Катя увидела рапорты патрульных.
– Вы их, значит, все-таки запросили, Федор Матвеевич?
– Запросил. Потребовал. Бурлаков сам привез. – Гущин перелистал. – «Во время контрольного обхода здания по периметру в 3 часа 12 минут мы с напарником и с сотрудниками частного охранного предприятия услышали звуки неизвестного ПОТУСТОРОННЕГО происхождения, доносившиеся изнутри здания. Звуки идентифицировать с чем-то мне известным затрудняюсь. Что-то похожее на вой и одновременно на низкий рев, явно не механического происхождения. Громкость – средняя, однако на улице слышно было отчетливо. Мы все это слышали. Рапорты других прилагаю. Тут же адрес и фамилия свидетельницы, проживающей в доме напротив, которая была разбужена этими же звуками и тоже все слышала сама».
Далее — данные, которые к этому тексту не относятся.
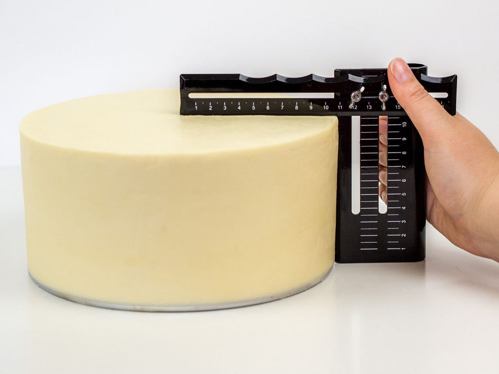 Edgy can be continuously adjusted to the desired dimensions using 2 sturdy screws. And this applies to both the height and the depth! You can reach a depth of up to 15 cm - this corresponds to a cake diameter of up to 30 cm. The maximum height is 11.5 cm.
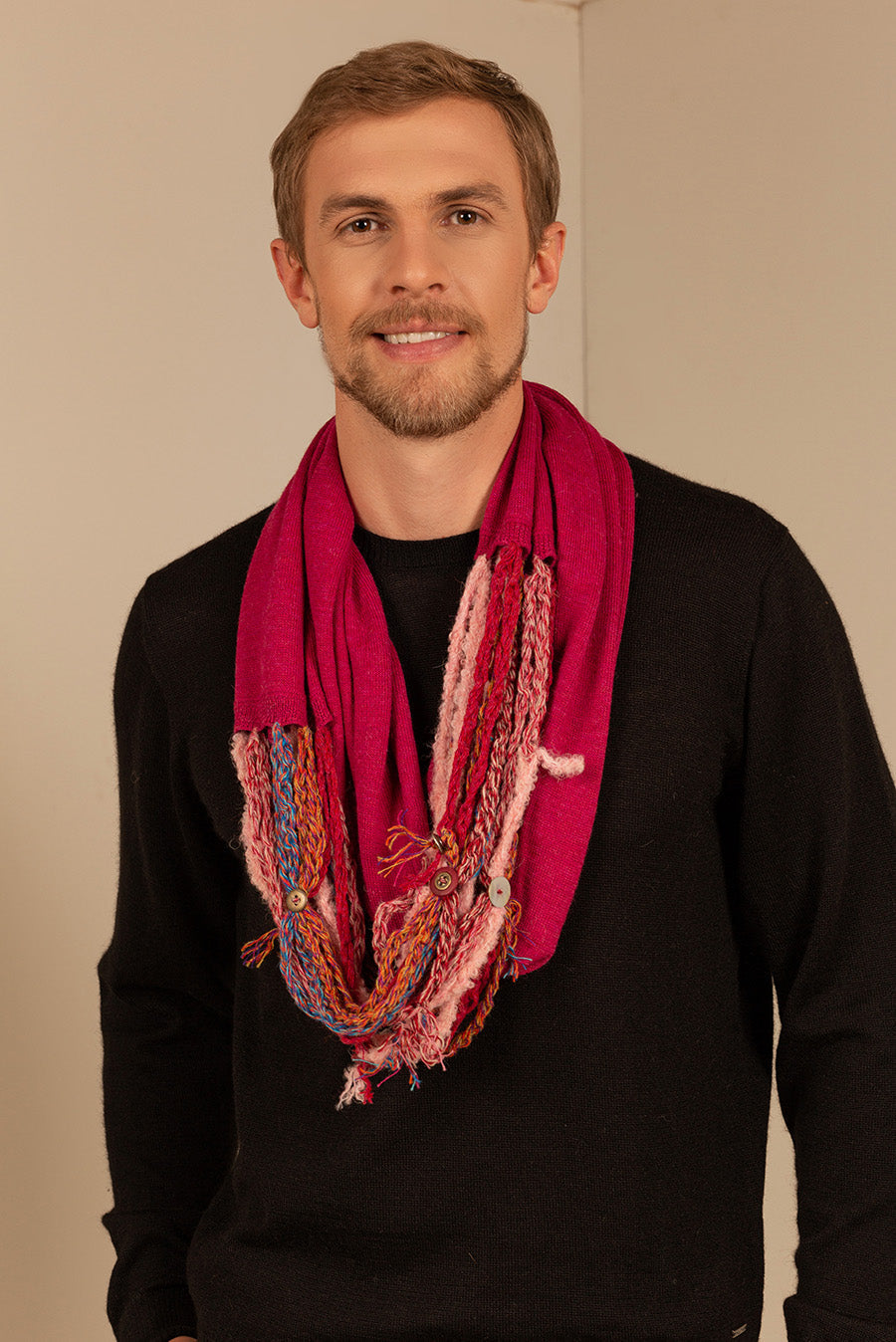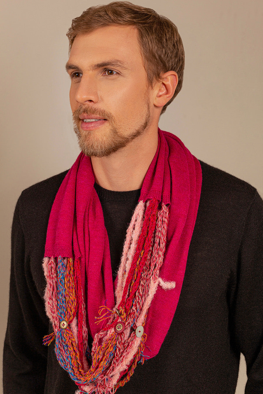 This brightly coloured baby alpaca scarf will add flair to any look.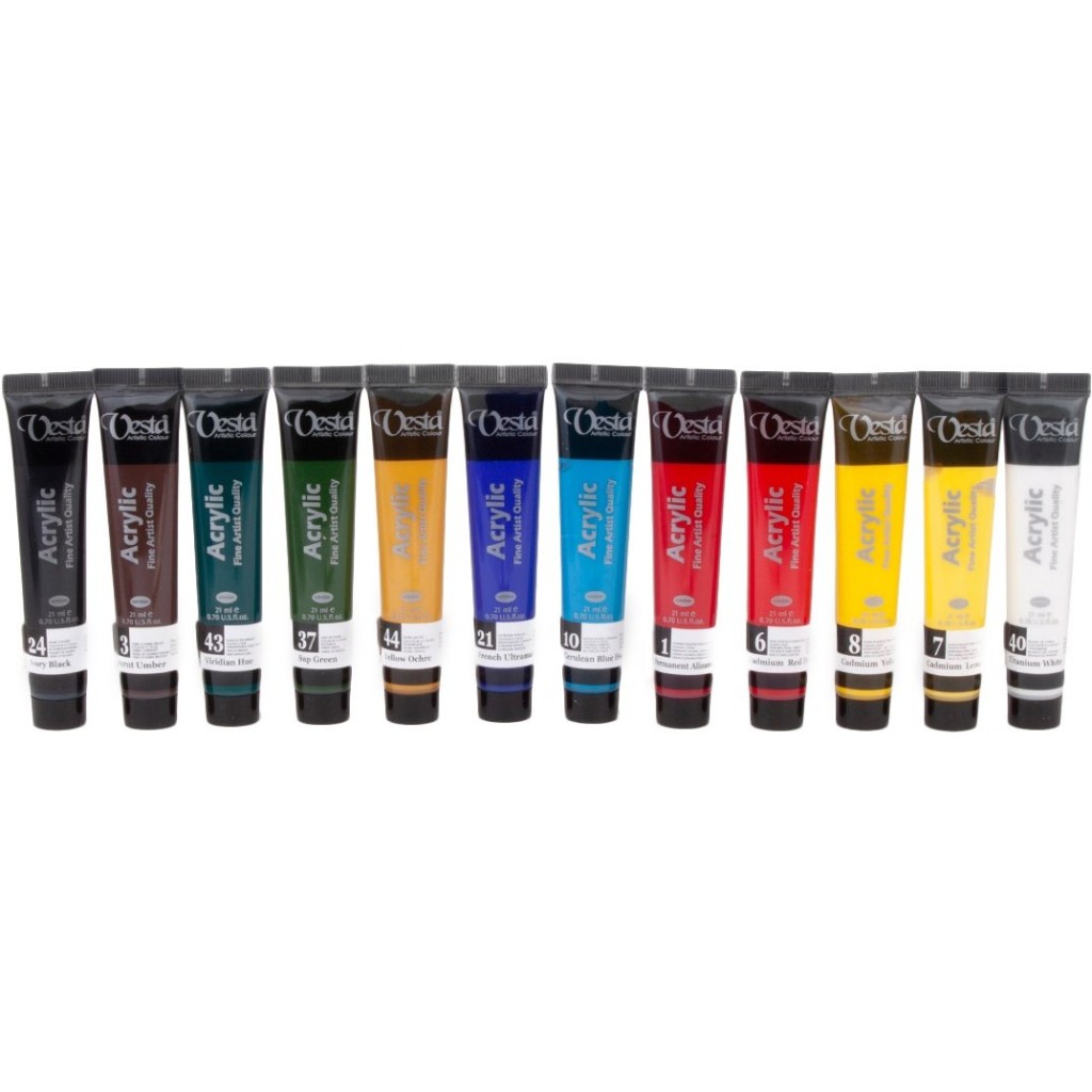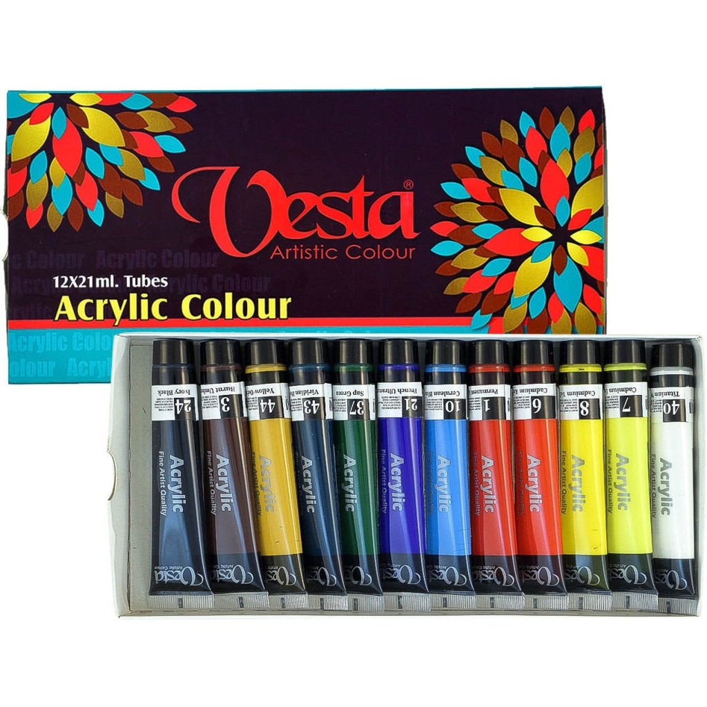 رنگ اکریلیک Vesta بسته 12 عددی – انتخابی حرفهای برای هنرمندان خلاق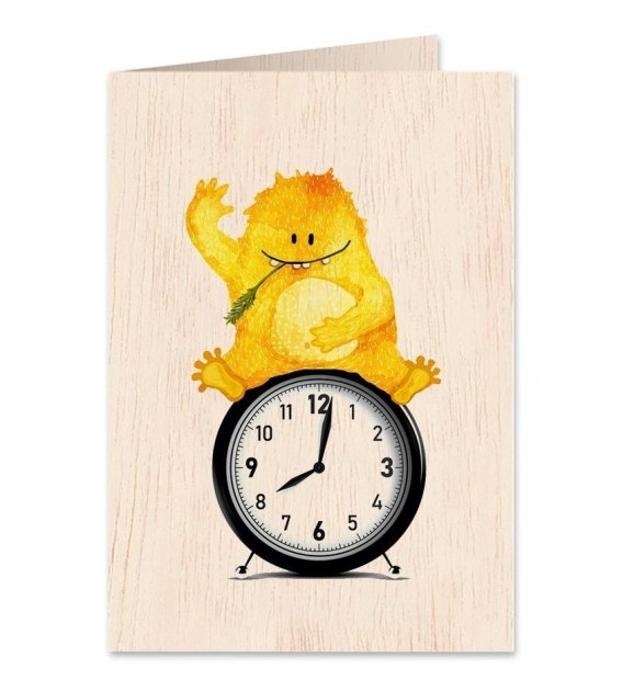 Karnet drewniany C6 + koperta Misiek na zegarze

– Я думала, что майор Бурлаков эти рапорты порвет, – сказала Катя.
– Как видишь, не порвал, – Гущин сложил документы в папку. – Знаешь, Екатерина, оно и тогда, в первый мой рабочий день в милиции, мне очень не понравилось – это дело. А сейчас оно совсем мне не нравится. И самое главное – мы-то с тобой пока тут сбоку припека. Дело московское, они всего лишь информируют нас.
– Позвоните Ануфриеву, – сказала Катя. – Может быть, сразу что-то прояснится, если у них в архиве сохранились какие-то документы расследования.
А вот пожелать дражайшему семейству «доброго утра» за завтраком, как того хотела Ольга Аркадьевна Краузе, не получилось.
Алексей Хохлов – послушный, предупредительный – приехал в особняк на Рублевское шоссе в одиннадцать вечера. Нарядная и сверх меры накрашенная Ольга Аркадьевна демонстративно встретила его в саду у ворот.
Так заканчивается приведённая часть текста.